Recorded data ▸
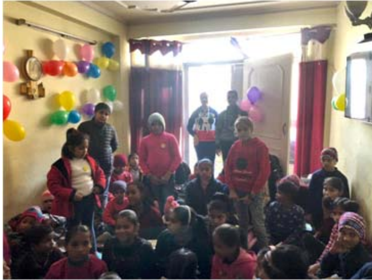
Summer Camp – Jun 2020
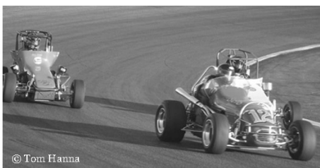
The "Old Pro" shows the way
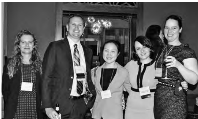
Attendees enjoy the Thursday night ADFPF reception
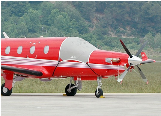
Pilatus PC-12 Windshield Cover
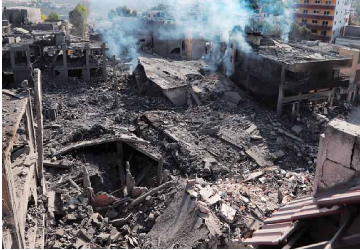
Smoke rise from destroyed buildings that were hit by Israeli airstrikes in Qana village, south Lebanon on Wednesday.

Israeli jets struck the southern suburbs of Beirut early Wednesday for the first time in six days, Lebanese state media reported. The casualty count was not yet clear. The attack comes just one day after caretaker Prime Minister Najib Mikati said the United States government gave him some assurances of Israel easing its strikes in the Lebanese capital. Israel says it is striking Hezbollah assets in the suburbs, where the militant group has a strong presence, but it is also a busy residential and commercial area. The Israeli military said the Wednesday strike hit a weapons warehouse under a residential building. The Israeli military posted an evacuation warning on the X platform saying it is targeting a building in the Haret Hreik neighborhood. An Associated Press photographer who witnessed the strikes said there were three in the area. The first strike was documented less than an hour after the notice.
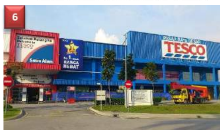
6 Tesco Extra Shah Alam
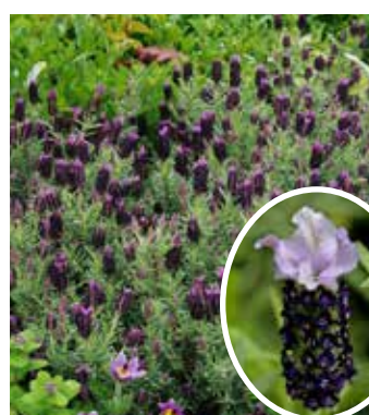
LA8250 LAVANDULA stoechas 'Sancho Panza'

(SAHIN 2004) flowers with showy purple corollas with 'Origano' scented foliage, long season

---

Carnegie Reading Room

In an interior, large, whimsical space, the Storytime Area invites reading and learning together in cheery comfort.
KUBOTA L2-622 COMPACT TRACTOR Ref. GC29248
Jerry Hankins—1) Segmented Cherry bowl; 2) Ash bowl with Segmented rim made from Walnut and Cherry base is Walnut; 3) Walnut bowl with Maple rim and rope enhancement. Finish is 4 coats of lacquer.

Problem to work on ▸ Going back to the entries above, set down exactly the lines that begin at the one with "In an interior, large, whimsical" and end at the one with "Jerry Hankins—1) Segmented", both included, and nothing else.

Finished exercise ▸
In an interior, large, whimsical space, the Storytime Area invites reading and learning together in cheery comfort.
KUBOTA L2-622 COMPACT TRACTOR Ref. GC29248
Jerry Hankins—1) Segmented Cherry bowl; 2) Ash bowl with Segmented rim made from Walnut and Cherry base is Walnut; 3) Walnut bowl with Maple rim and rope enhancement. Finish is 4 coats of lacquer.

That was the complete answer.